### Problem description
Exactly and only the lines below from the one containing "EDDIE BAUER Cabin" down to the one containing "ETCR040K | ![]()" are wanted, both included; please exclude every picture.

### Records supplied

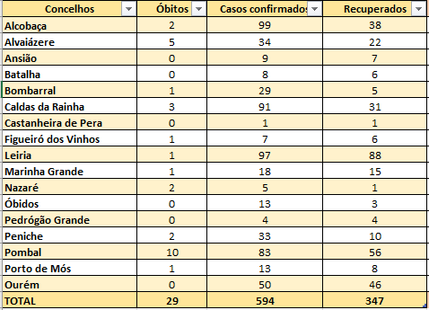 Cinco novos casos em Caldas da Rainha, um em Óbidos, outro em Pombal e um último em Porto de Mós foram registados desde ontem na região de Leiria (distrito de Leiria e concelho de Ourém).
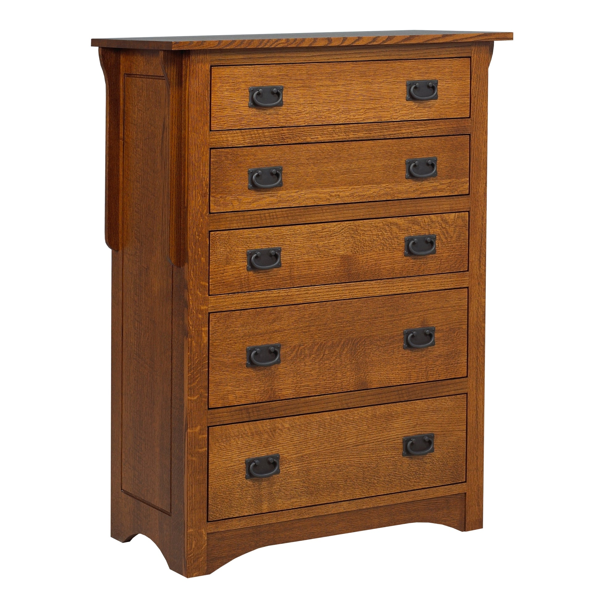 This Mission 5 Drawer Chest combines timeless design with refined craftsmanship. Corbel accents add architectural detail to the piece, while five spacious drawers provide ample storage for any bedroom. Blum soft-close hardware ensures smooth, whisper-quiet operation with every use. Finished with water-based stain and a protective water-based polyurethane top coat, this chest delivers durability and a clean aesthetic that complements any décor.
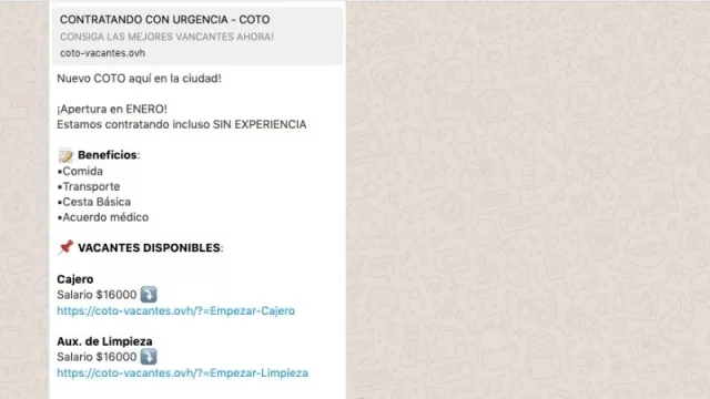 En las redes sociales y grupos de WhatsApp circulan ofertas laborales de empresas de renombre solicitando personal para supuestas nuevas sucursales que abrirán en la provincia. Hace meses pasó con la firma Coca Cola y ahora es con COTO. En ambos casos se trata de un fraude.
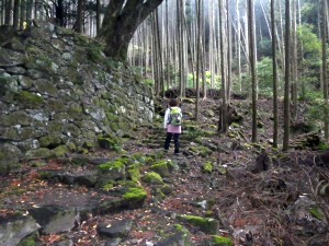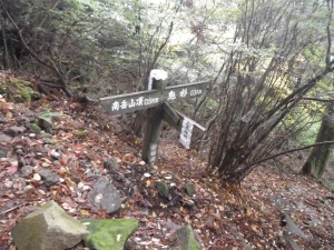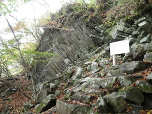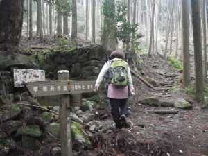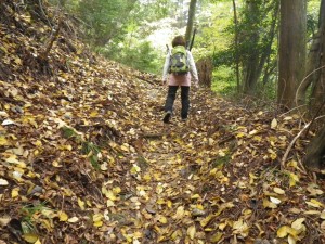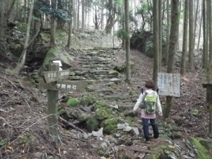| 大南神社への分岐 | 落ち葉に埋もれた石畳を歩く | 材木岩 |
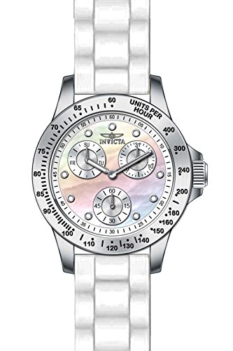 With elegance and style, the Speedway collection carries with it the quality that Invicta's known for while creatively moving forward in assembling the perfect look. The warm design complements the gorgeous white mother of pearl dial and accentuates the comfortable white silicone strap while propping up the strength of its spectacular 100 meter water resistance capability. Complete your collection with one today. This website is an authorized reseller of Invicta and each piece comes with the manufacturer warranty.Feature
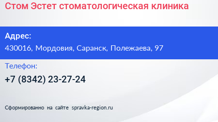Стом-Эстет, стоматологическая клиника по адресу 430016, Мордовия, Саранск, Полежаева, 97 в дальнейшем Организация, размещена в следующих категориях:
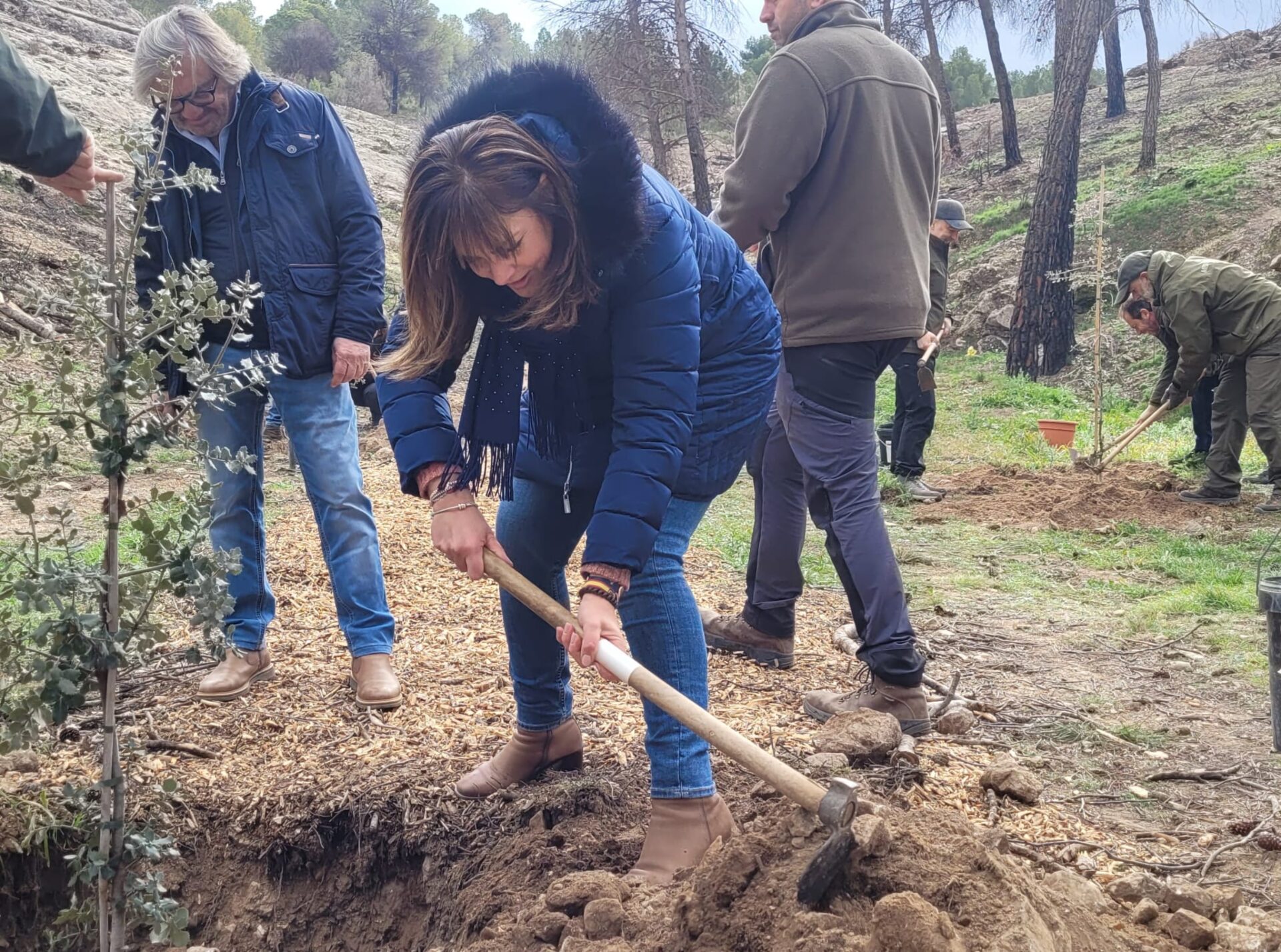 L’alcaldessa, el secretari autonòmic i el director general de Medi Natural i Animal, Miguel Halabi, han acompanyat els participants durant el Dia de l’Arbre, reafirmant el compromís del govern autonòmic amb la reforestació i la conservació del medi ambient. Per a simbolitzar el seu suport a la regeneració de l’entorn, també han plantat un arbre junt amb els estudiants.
--
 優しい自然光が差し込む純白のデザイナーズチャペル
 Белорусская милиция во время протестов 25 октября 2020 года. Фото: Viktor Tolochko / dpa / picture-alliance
...
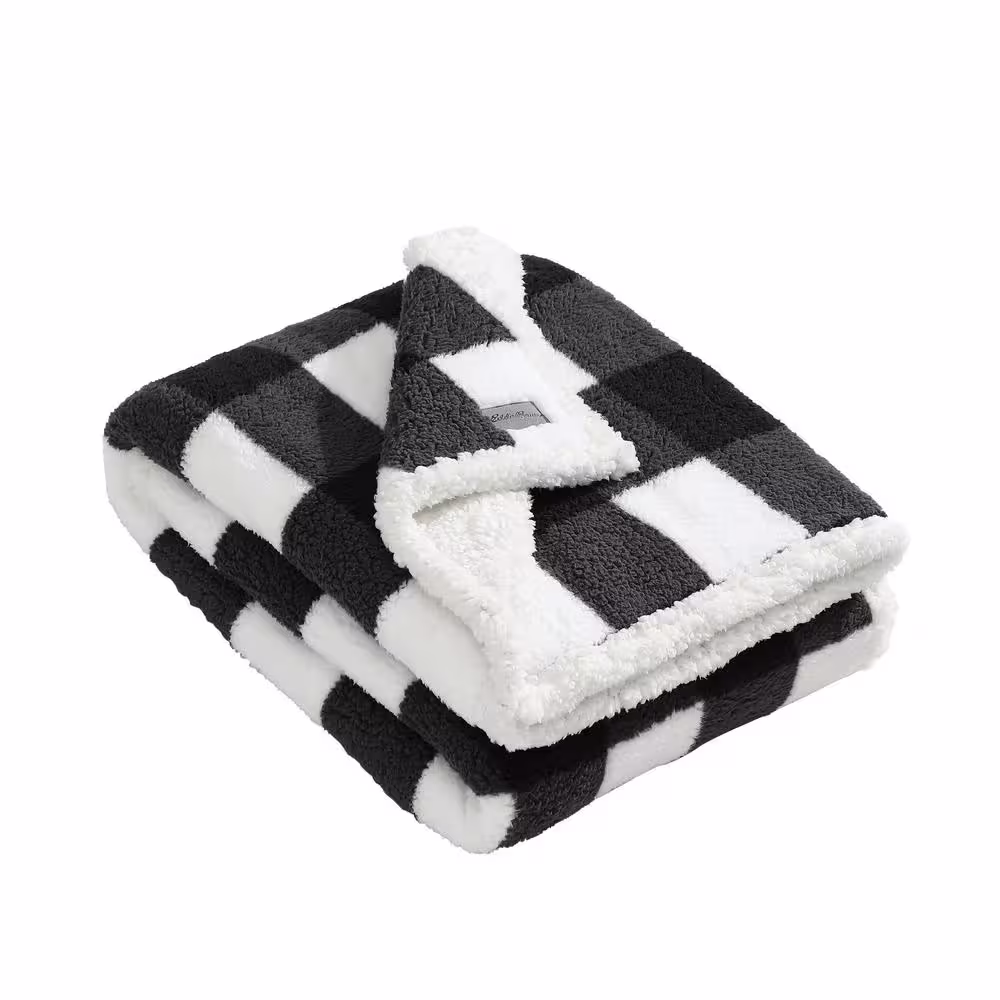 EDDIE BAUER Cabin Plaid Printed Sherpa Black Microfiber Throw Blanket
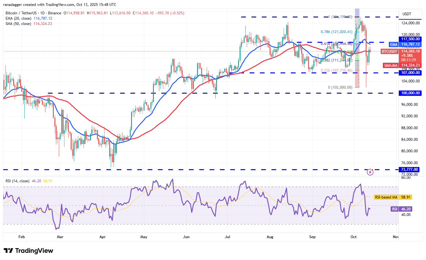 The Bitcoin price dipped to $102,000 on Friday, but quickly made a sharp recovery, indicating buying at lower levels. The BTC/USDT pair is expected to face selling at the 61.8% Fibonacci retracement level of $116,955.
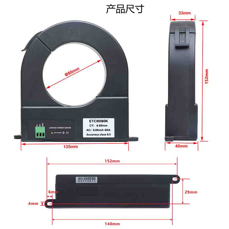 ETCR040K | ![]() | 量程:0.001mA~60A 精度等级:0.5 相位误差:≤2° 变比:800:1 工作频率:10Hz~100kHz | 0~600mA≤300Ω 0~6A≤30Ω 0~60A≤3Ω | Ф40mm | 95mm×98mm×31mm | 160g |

### Solution
 EDDIE BAUER Cabin Plaid Printed Sherpa Black Microfiber Throw Blanket
 The Bitcoin price dipped to $102,000 on Friday, but quickly made a sharp recovery, indicating buying at lower levels. The BTC/USDT pair is expected to face selling at the 61.8% Fibonacci retracement level of $116,955.
 ETCR040K | ![]() | 量程:0.001mA~60A 精度等级:0.5 相位误差:≤2° 变比:800:1 工作频率:10Hz~100kHz | 0~600mA≤300Ω 0~6A≤30Ω 0~60A≤3Ω | Ф40mm | 95mm×98mm×31mm | 160g |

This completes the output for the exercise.